Leading Islamophobic voices polemicise against Soros. Some portray him as a
Nazi sympathiser involved with Islamists, who are supposed to be "the last of
Adolf Hitler's World War Two coalition partners that have yet to be
vanquished"– as one right-wing website put it.
"Could it be that 'spooky dude' George Soros is playing god again? Is it
really possible that the grand puppet master is pulling the strings on
Europe's demise?", says an Islamophobic right-wing blog and goes on: "George
Soros has all sorts of ideas – dictates, really – for how Europe must sign up
for its demise by importing hordes of Muslims".
The anti-Soros campaign even managed to get into the US Congress. Six senators
signed a letter calling on Secretary of State Rex Tillerson to investigate
USAID funding for Soros' Open Society Foundation and its activities in
Macedonia and Albania. Apparently, the letter was based on a pamphlet sent to
Congress by a Macedonian group called Stop Operation Soros.
That Soros has been dragged into this racist vortex of
Anti-Semitism and Islamophobia should not come as a surprise.
For centuries, the images of the Muslim and the Jewish "other" have gone
hand-in-hand in Western racist thought. As Edward Said wrote in his magnum
opus, Orientalism is "a strange secret sharer of Western anti-Semitism".
Historically, Jews and Muslims have faced similar accusations, racist tropes
and persecution. Western Europeans used both as a projection surface to
imagine itself as racially pure, white and Christian. In medieval times, Jews
were accused of well-poisoning to kill Christians and Muslims – of inciting
them to do so. During the Reformation, Jews were portrayed as the companions
of the devil who had entered into a pact with the Muslim Turks.

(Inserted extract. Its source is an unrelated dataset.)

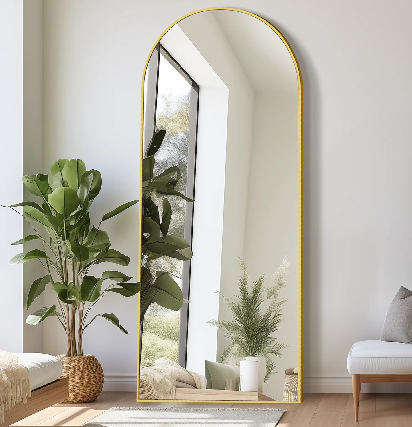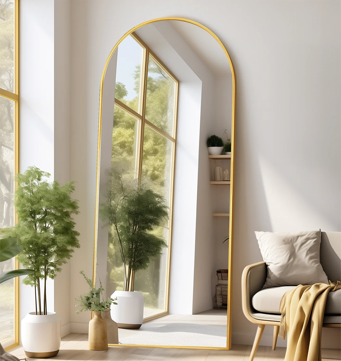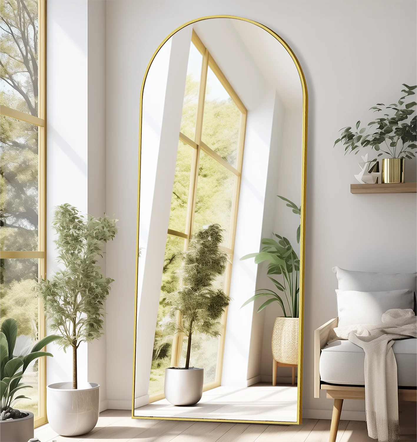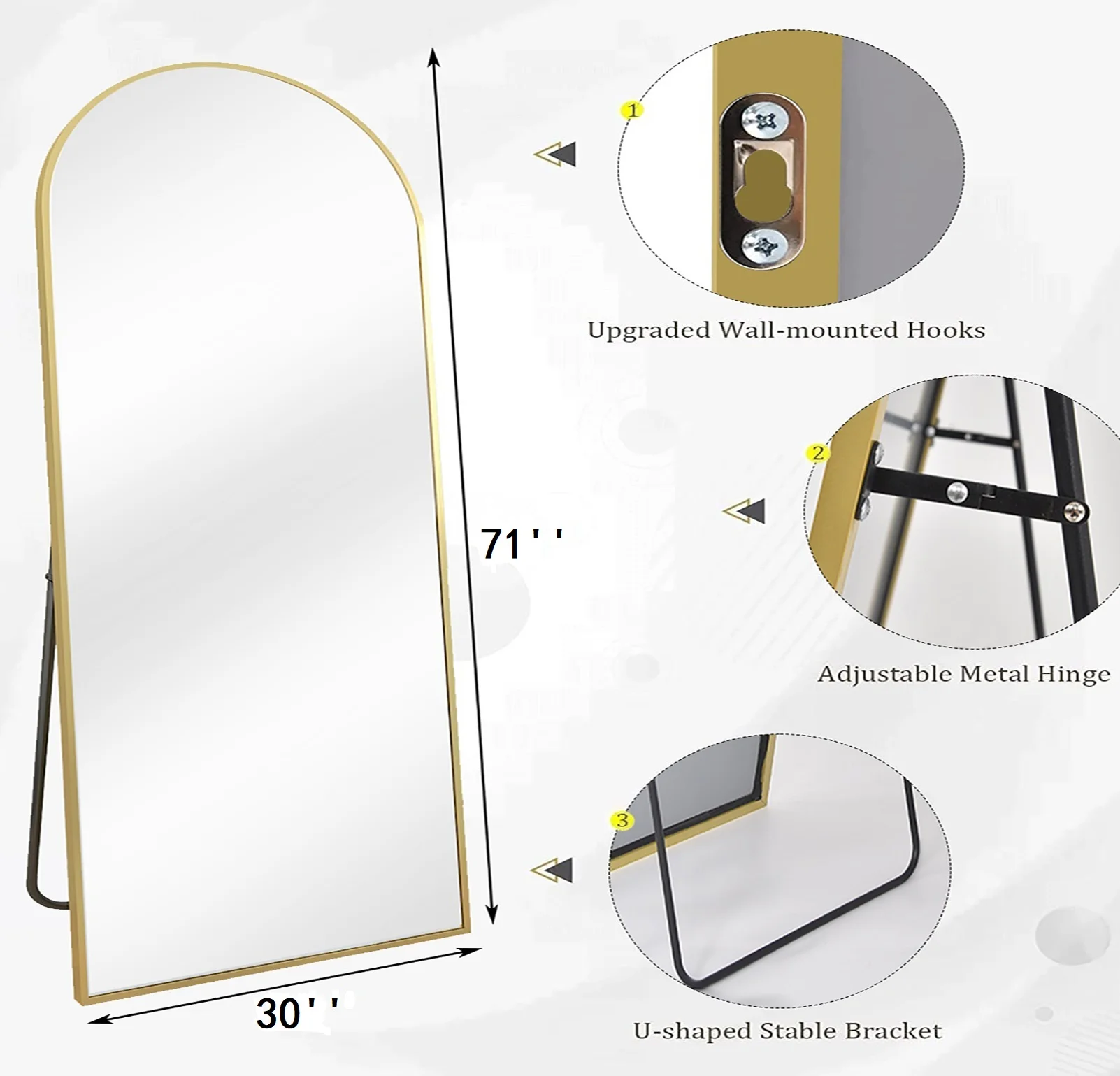 TinyTimes 71"x30" Arched Full Length Mirror Large Freestanding Floor Mirror with Stand Modern Wall Mounted Full Body Mirror for Room-Gold - Curated Treasures Market

Today, the "international Jewish conspiracy" has joined the "Islamisation
conspiracy" in the minds of many followers of the far right. Once again, there
are many who want a pure white and Christian Europe. And in the past few years
that has proven deadly: Anders Behring Breivik's manifesto "2083 – A European
Declaration of Independence" is full of twisted Islamophobic and anti-Semitic
fantasies.
Anti-Semitism and Islamophobia are not separate and unrelated. Both forms of
racism go hand-in-hand today, as they have in the past and that needs to be
acknowledged.
Neglecting Islamophobia as the sibling of anti-Semitism will only strengthen
racist ideologues and far-right politicians, from the Breiviks to the Orbans.
Farid Hafez is a political scientist and senior research fellow at the
Bridge Initiative at Georgetown University.